● Exercise instructions
Begin at the line containing "Jawad Moustakbal (ATTAC" in the entries below and end at the line containing "Uma ilustração cativante"; transcribe that range exactly and nothing outside it.

● Material for this exercise
##########
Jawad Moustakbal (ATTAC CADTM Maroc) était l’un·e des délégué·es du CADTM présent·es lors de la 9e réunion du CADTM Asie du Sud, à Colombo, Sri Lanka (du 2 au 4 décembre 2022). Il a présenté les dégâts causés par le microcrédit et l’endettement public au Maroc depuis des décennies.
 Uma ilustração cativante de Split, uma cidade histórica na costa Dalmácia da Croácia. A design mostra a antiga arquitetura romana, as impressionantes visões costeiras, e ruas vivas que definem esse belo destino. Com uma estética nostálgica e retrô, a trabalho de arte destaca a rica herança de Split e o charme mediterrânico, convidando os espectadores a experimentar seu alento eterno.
##########
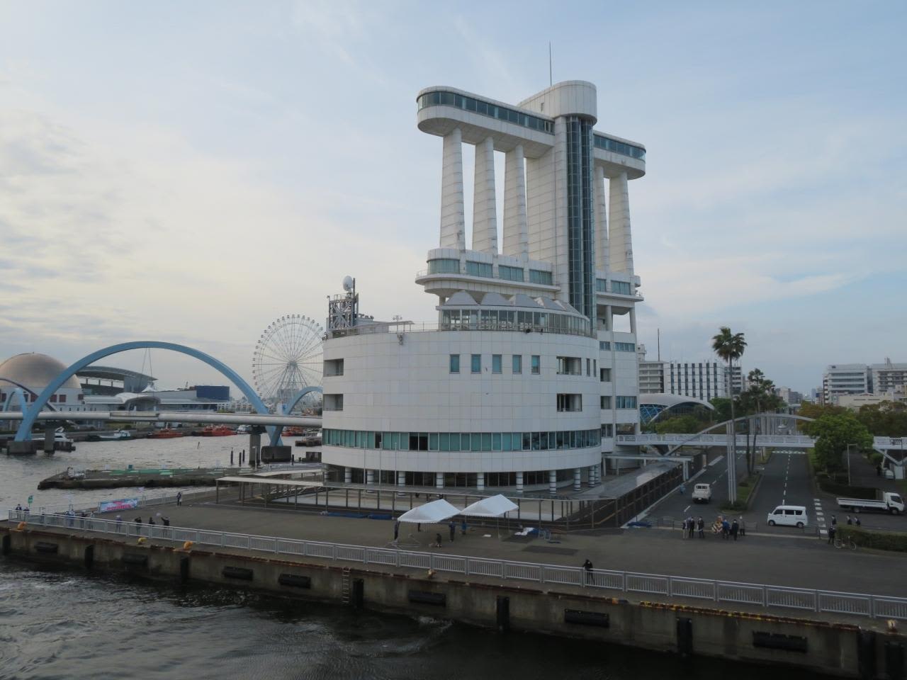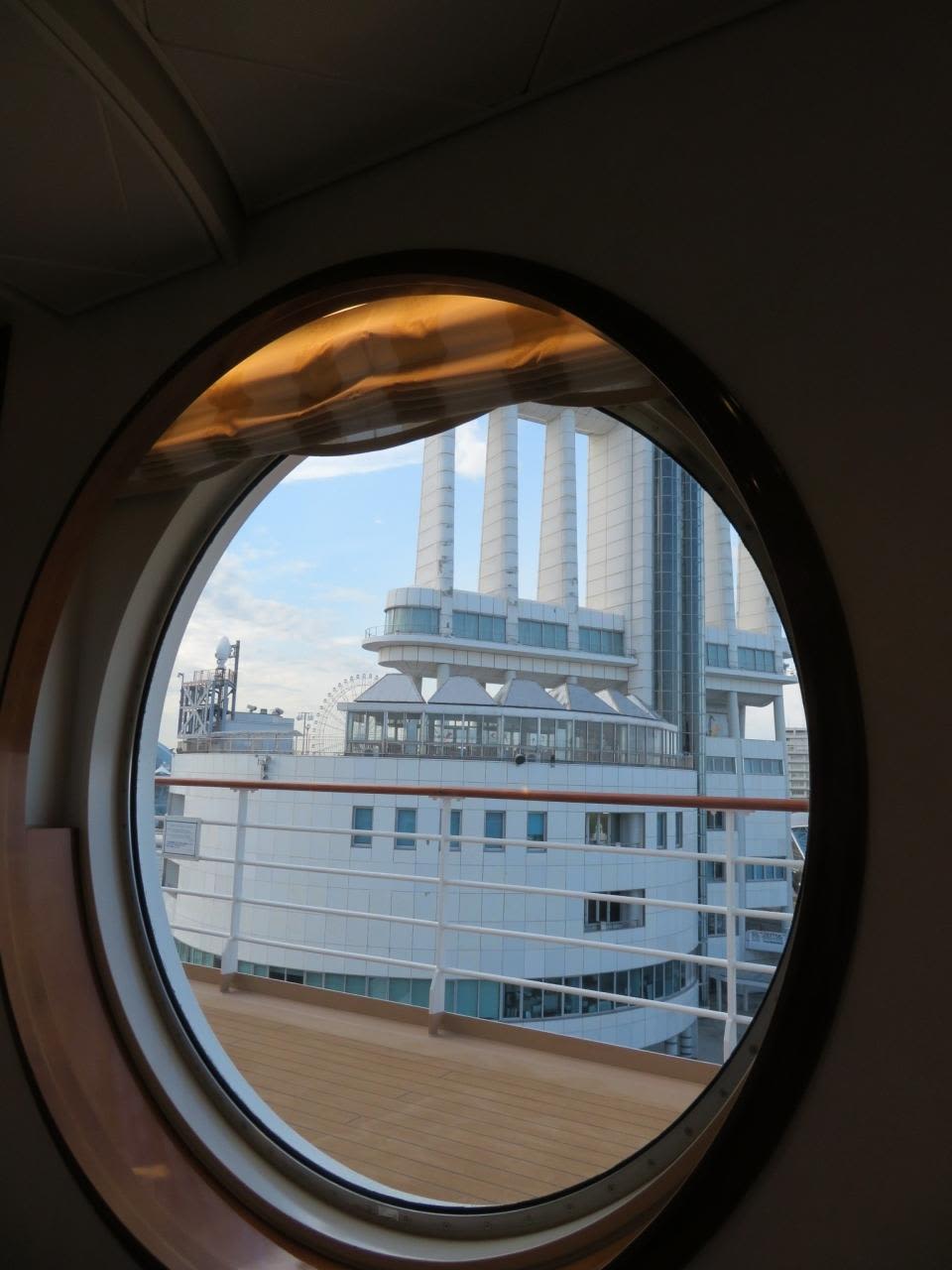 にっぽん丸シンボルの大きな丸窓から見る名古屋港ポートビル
##########
● Finished exercise
Jawad Moustakbal (ATTAC CADTM Maroc) était l’un·e des délégué·es du CADTM présent·es lors de la 9e réunion du CADTM Asie du Sud, à Colombo, Sri Lanka (du 2 au 4 décembre 2022). Il a présenté les dégâts causés par le microcrédit et l’endettement public au Maroc depuis des décennies.
 Uma ilustração cativante de Split, uma cidade histórica na costa Dalmácia da Croácia. A design mostra a antiga arquitetura romana, as impressionantes visões costeiras, e ruas vivas que definem esse belo destino. Com uma estética nostálgica e retrô, a trabalho de arte destaca a rica herança de Split e o charme mediterrânico, convidando os espectadores a experimentar seu alento eterno.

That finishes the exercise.